What happened to all of that? To being creative, and using the imagination. I’m sure there are a lot of people out there who still do that, and I say kudos to you. We live in a world that puts people into boxes, and label them with permanent maker. Telemarketer. Accountant. Prostitute. Sinner. Drug Dealer. Bank Teller. And we feel stuck in those positions because the world isn’t very good at igniting creativity.

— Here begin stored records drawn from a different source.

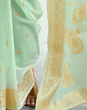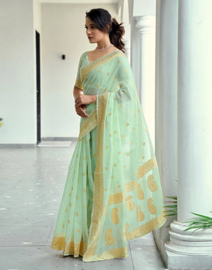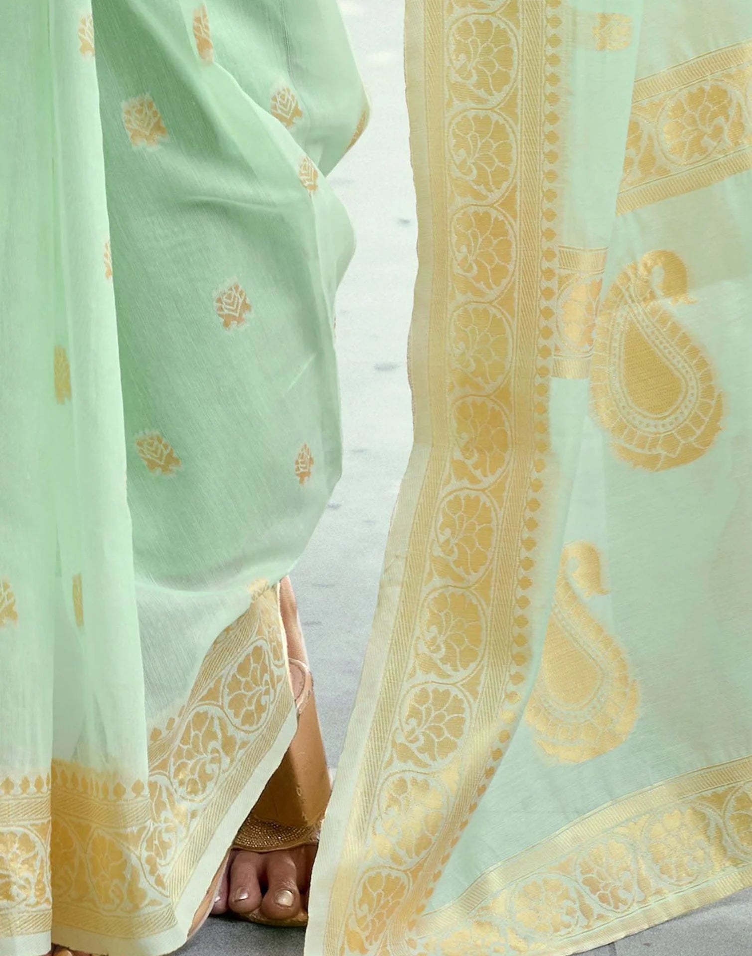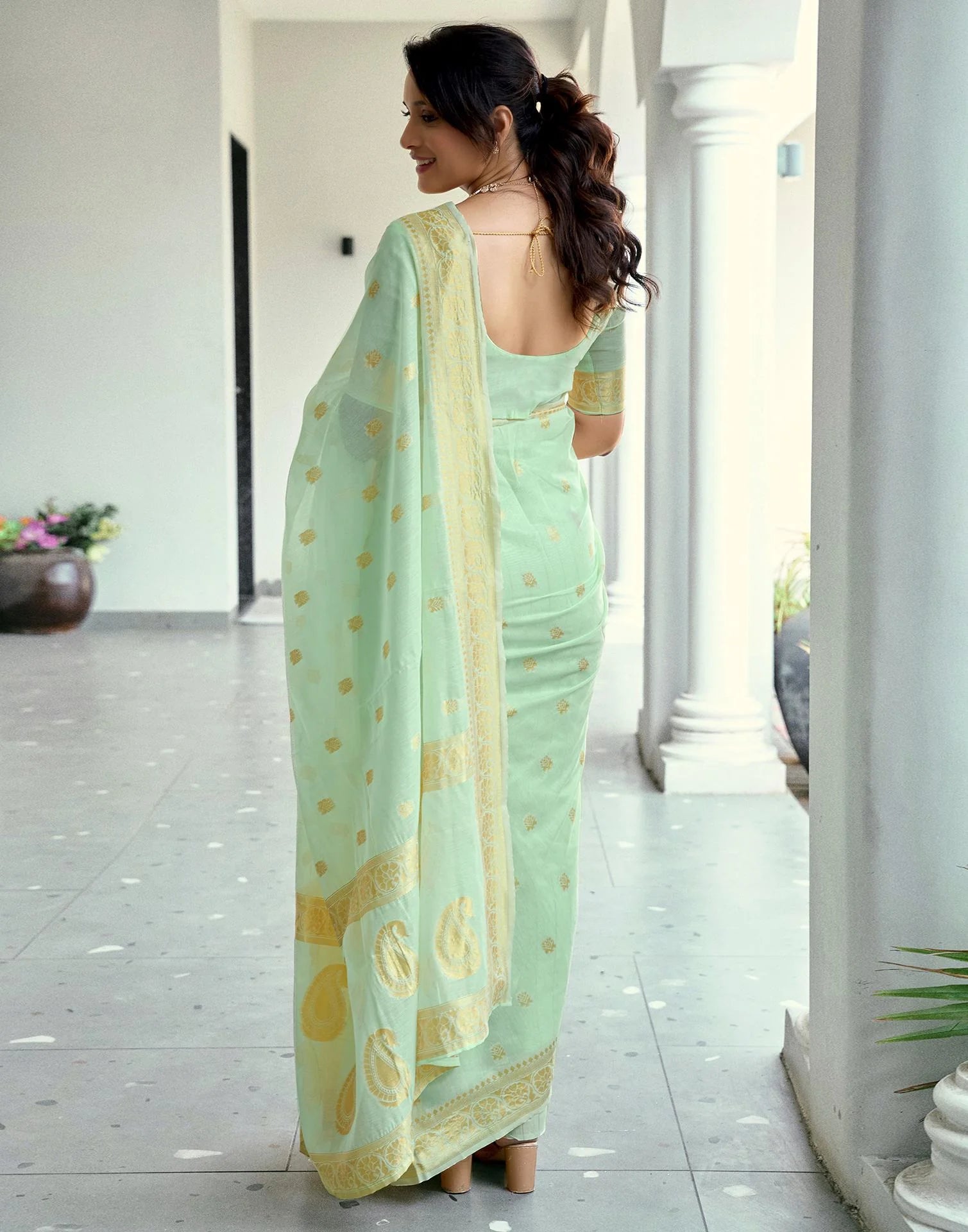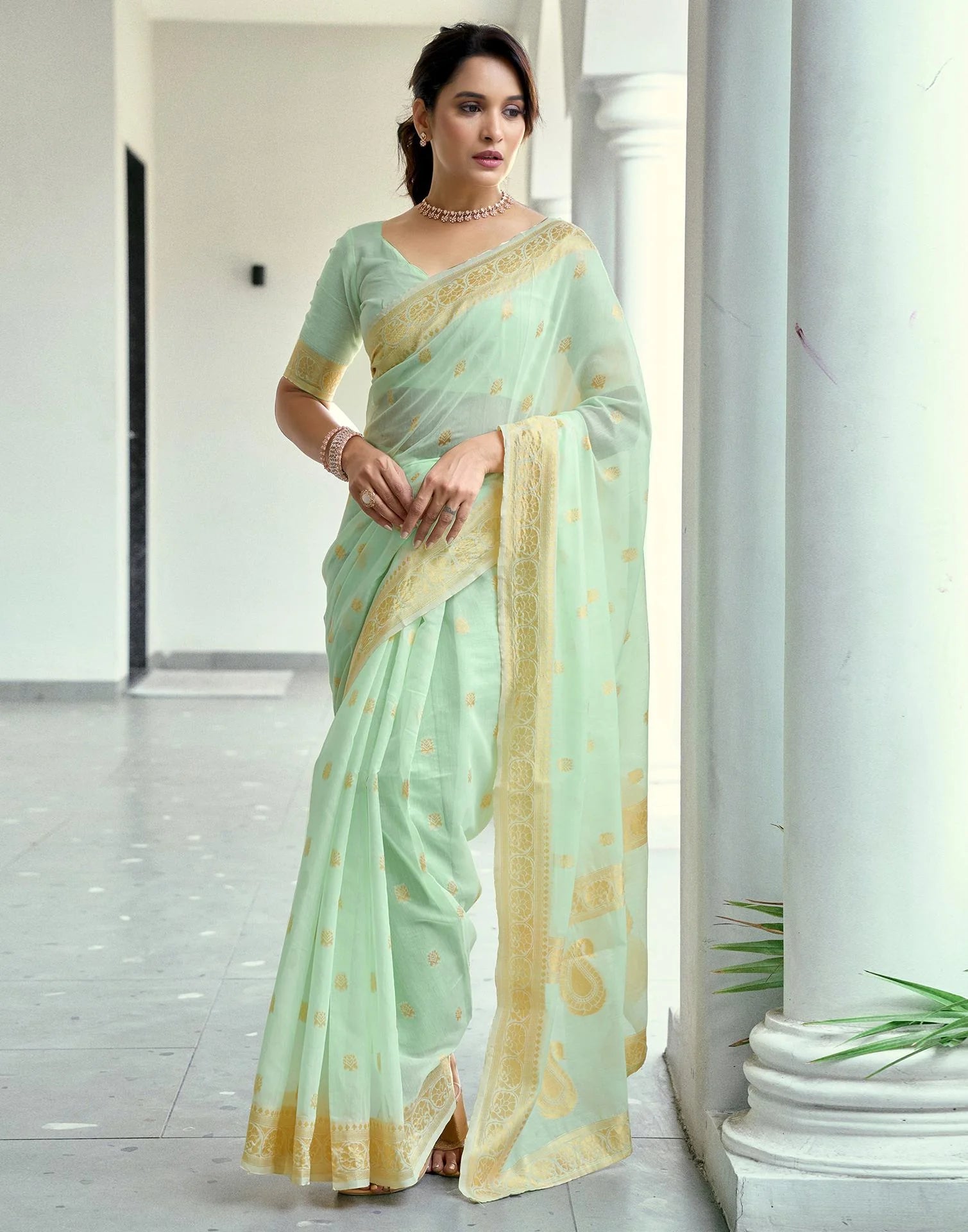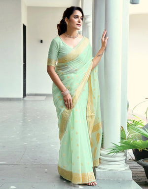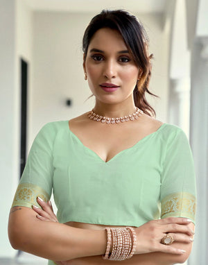 Experience the elegance of the new Cotton Silk fabric, designed for comfort and style. This fabric features a smooth, charming texture that feels gentle against the skin, making it perfect for daily wear. Complemented by a richly woven blouse, it offers a refined look with intricate weaving that adds depth and sophistication to your outfit. Ideal for those who appreciate quality craftsmanship combined with a soft touch, this ensemble delivers both visual appeal and lasting comfort.
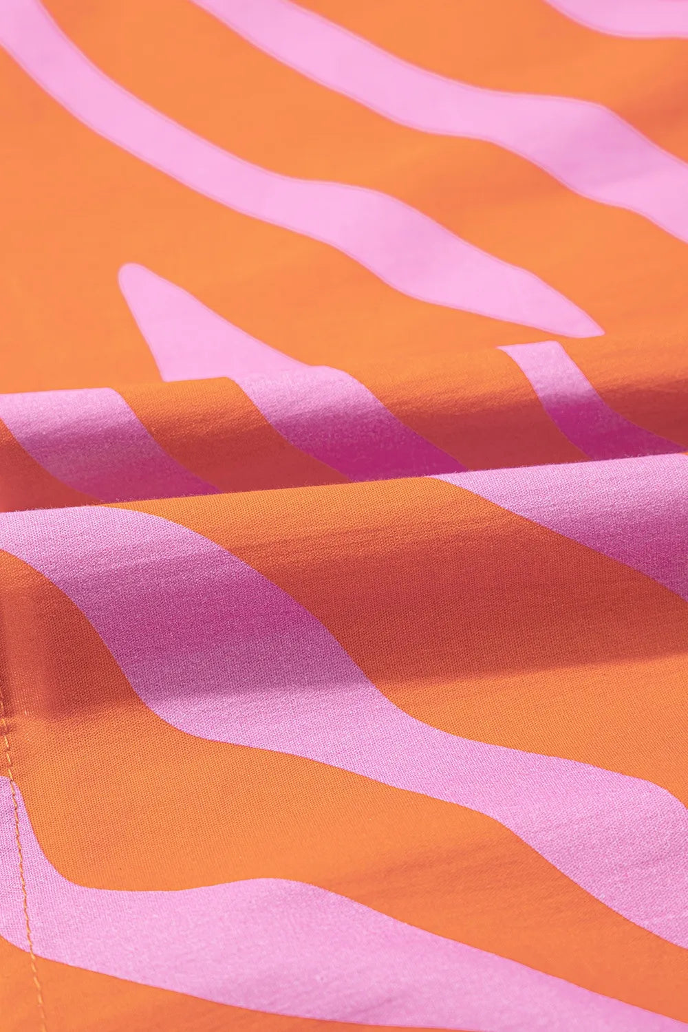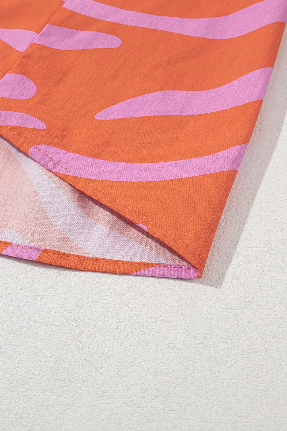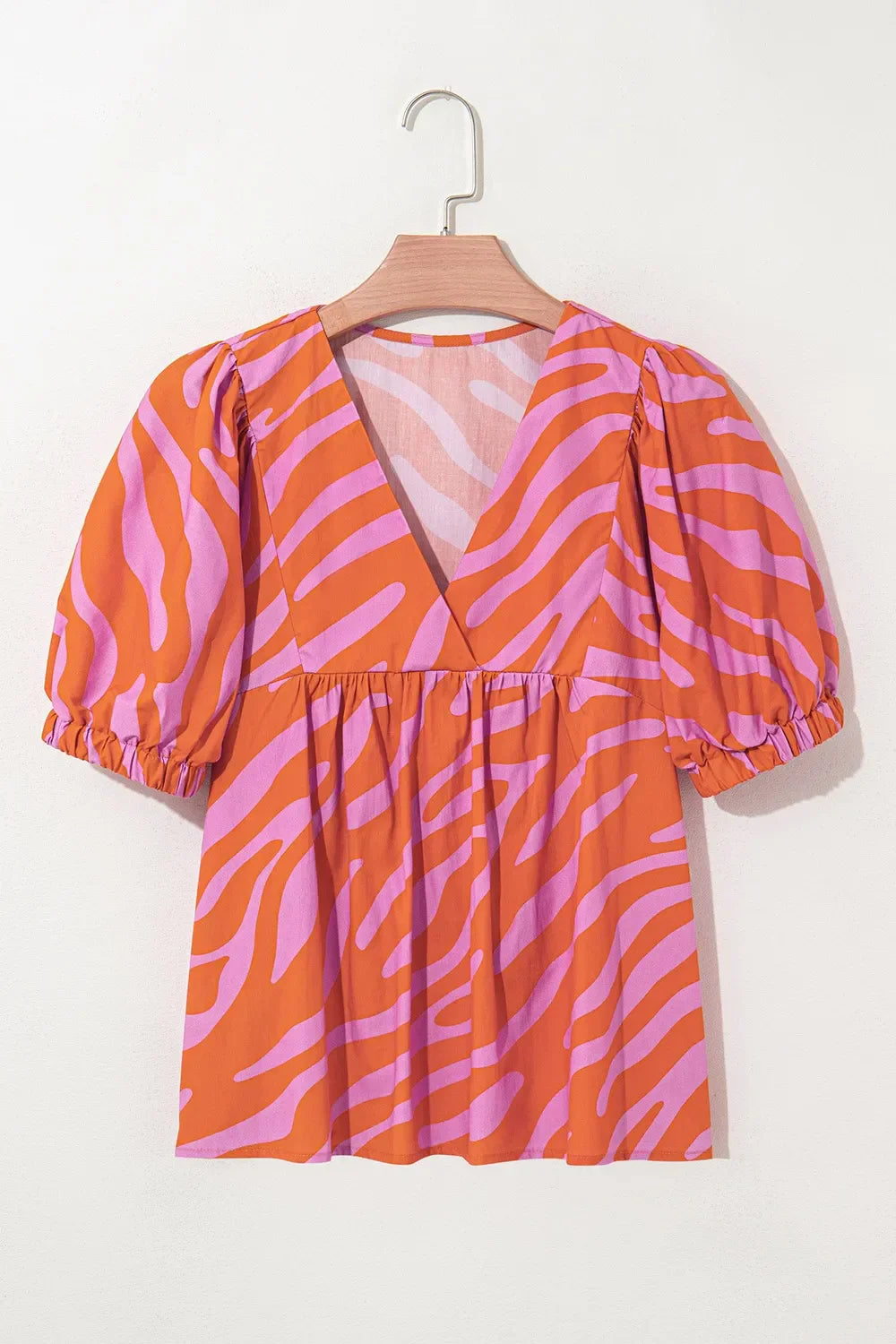 Stripe Print Ruched Cuff Half Sleeve V Neck Blouse DJPT
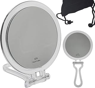 Kosmetex Reise Stand- und Handspiegel mit 10-fach Vergrößerung, Acryl, 2 Spiegelflächen, Kosmetik-Spiegel
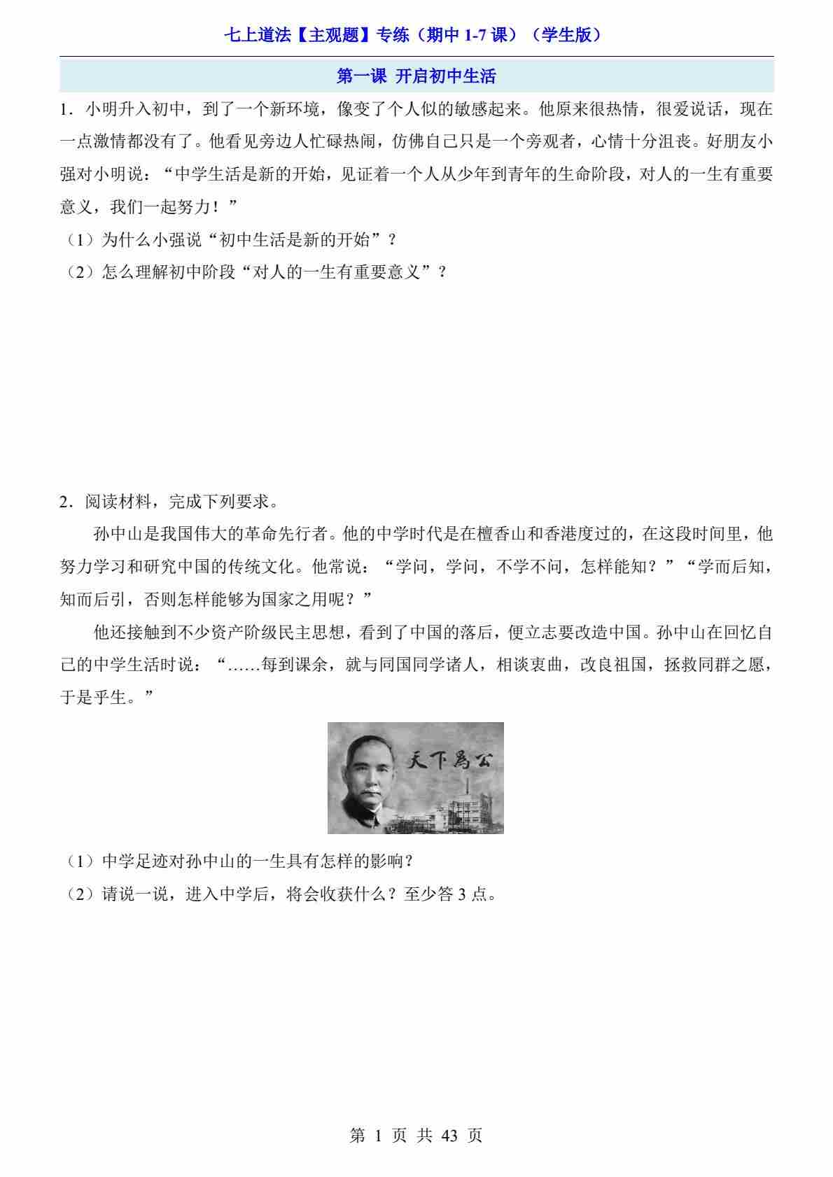 七年级道德与法治期中复习—必刷主观题(36题)(原卷版)
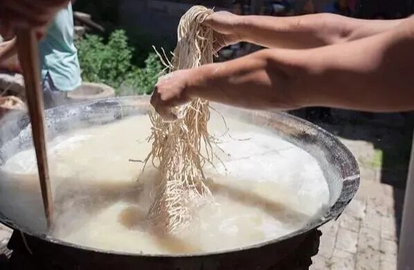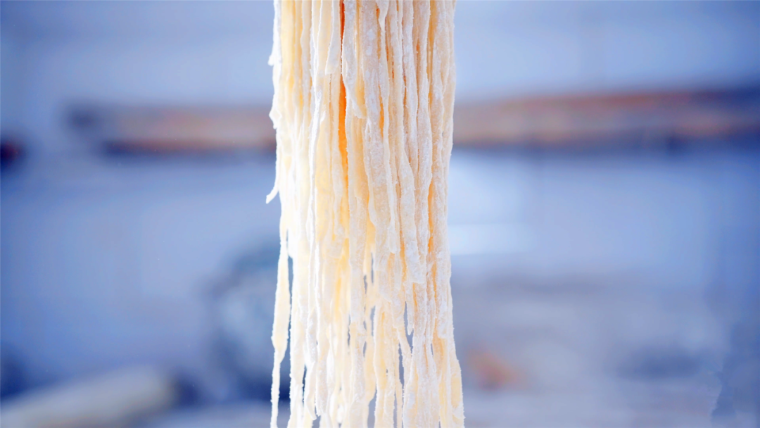 与泽州大阳的“馔面”相比,大周纂面在“韧”与“爽”之间找到了独特的平衡。大阳馔面或许更显宫廷“馔玉”之风,造型更为讲究;河西碱面则以其明确的碱香和独特的黄亮色泽,透露出应对水土、改良口感的智慧。做面食“盐是骨、碱是筋”,这句话堪称一千多年面条制作史的经验之谈。如果说卤水成就了豆腐,盐和碱作为两种最普通最常见的“改良剂”,也成就了面条的百绕千回。“筋、骨”二字明白无疑地指明了它们的功能作用:盐主要用来增加面条的强度与硬度,碱主要用于改善面条的延展性和韧性。从实践中看,加碱可以显著提高拉面条的质量和效率,而对延展性并无特别需求的非拉面类面食,如刀削面、手擀面等,使用普通面粉,加上合适的揉面饧面过程,不加碱面也能做出口感合适的面条。纂面三兄弟都是擀面类,理论上加碱并不是必需,那为何这样的做法会流传至今呢?有人认为是碱面有特殊的香味,但真正的奥妙则隐藏在经济背景当中。
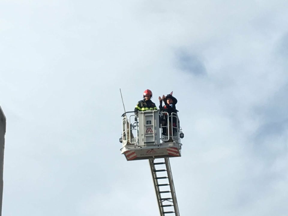 La magica befana, dopo aver riscontrato qualche problemino con il suo mezzo di trasporto, è stata soccorsa e recuperata grazie all’autoscala dei pompieri.
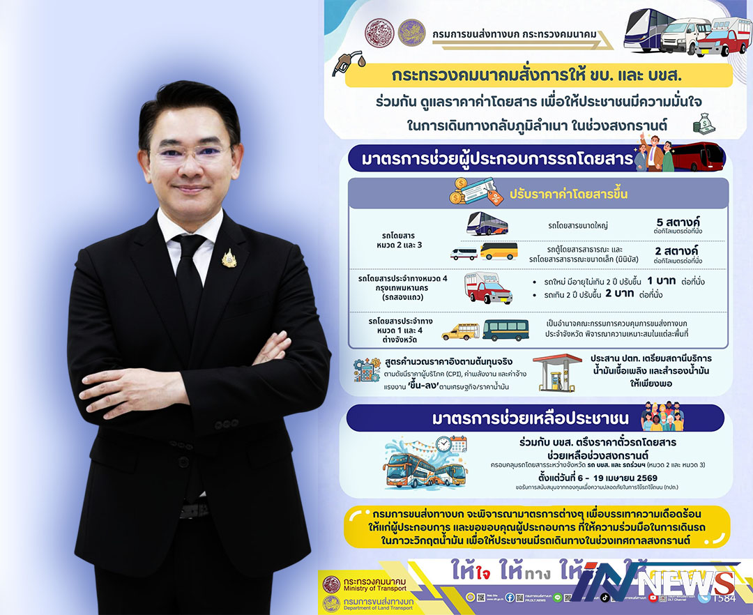กรุงเทพฯ-บขส. จัดรถโดยสารวันละ 7 พันเที่ยว รถเสริมรองรับเดินทางเทศกาลสงกรานต์ 2569 วันละ 1.8 แสนคน สะดวก ปลอดภัยทุกเส้นท...

Sure, the world is full of really awesome commercials, (especially apple, why is that?) that shows how creative THOSE people are, but what do they do to ignite others to dig into their own internal creativity? Not much. Its a sad thing too. I used to be creative through music. I played 13 instruments. Now I play the piano, occasionally when I visit my parents. I write still, but it’s shoddy at best. I take pictures too, and I’m decent with that as well but I have a LOT to learn. I’m tied to a computer 12 hours a night, 3, 4, sometimes 5, 6 nights a week. But, I’m always hearing music in my head (August Rush, as of late) and I’m always thinking. Wondering what I could be if I just pushed myself beyond the boundaries I have so carefully built up around me. Its a scary thing, because knocking down those walls will open up the opportunity to be hurt, to be criticized, to be laughed at, to be all of those things I’ve been mortified of since I was the kid everyone picked on at school so many years ago. Things like that leave their mark, no matter how much time has gone by. But slowly, hopefully I’ll be able to remove the wall I’ve built. One brick at a time. Because I believe I, like you, and everyone else, has an immeasurable amount of creativity, and the only thing in the way are the walls we’ve built. Sure, we’ve kept the bad stuff out, but we’ve kept the amazing stuff in too. It’s time to let the amazing stuff out.